The only semi-legit uses I stumbled upon (http://thewikigame.com/ http://www.buildyourmap.com/wikipediaimport.htm http://www.wikiwand.com/) can certainly work around the hotlinking limitation we would introduce. Or we could act nice and whitelist them first, reach out to ask them to stop hotlinking, then get rid of the temporary whitelist.

If legit uses that align with our mission needed this to function, I think it would manifest itself in the access log. I think that allowing hotlinking is a "failed experiment" that led to nothing other than a silent waste of donor money.

Event Timeline

Gilles created this task.Dec 1 2016, 12:52 PM
Restricted Application added a subscriber: Aklapper. · View Herald TranscriptDec 1 2016, 12:52 PM
Gilles updated the task description. (Show Details)Dec 1 2016, 12:53 PM
BBlack added a comment.Dec 1 2016, 2:15 PM

I've made this argument before. I'm not fond of Commons/upload images/thumbs being hotlinkable. In my mind, Commons exists to serve the multimedia needs of the encyclopedic content, and hotlinking from it has nothing to do with that. The hotlinked traffic is also a fairly large chunk of our overall bandwidth.

However, when I've made this argument in the past, I've been corrected that Commons does not exist solely to serve the multimedia needs of the encyclopedic content, as I would've imagined or hoped.
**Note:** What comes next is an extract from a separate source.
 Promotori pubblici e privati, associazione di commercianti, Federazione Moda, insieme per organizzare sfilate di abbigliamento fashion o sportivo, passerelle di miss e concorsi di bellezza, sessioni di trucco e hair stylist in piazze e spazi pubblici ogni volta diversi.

It exists on its own justification as a library of public domain multimedia works so long as they could conceivably provide any educational value to anyone, as laid out here: https://commons.wikimedia.org/wiki/Commons:Project_scope .

There are many legitimate uses of hotlinks to our images for reasonable purposes which include appropriate attribution/licensing text, and sorting good from bad hotlinking would be a pretty heavy and ongoing task for humans if we tried to whitelist or blacklist on referrer headers.
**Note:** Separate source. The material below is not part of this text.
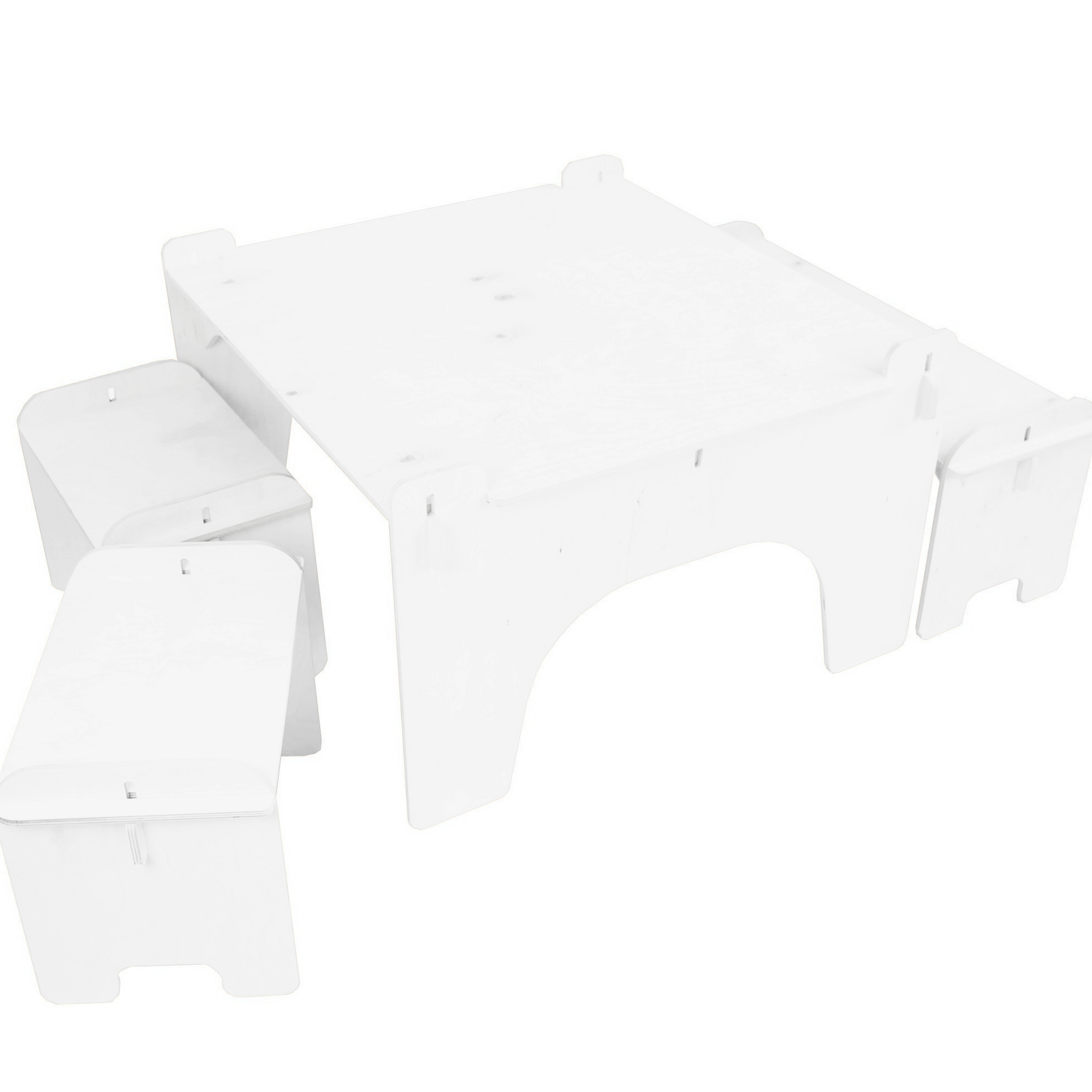 Mit Ausschnitten und Verbindungen, die jedes Teil an Ort und Stelle halten, schaffen wir robuste und langlebige Möbel für Kinder.

I think it's a legitimate debate to have, but the scope of the debate and the weight of the decision is huge. It's not something we can unilaterally decide in a phab task. This is the kind of debate that would require the input and involvement of the Commons (and broader) community and upper management at the WMF, I think.

Gilles added a comment.Dec 1 2016, 2:26 PM

Except I've looked at the data for 302s and there was no legitimate use. Even on the rare instances of a blog that seemed to have an educative purpose, there was no attribution and the text was probably copy/pasted as well. This is what I mean, the reality is that the hypothetical good use never materialized and it's exclusively junk that doesn't respect the basic principle of attribution Commons expects.

I think the same study of the 200s has to happen, along with a budget calculation of how much we're spending on supporting this.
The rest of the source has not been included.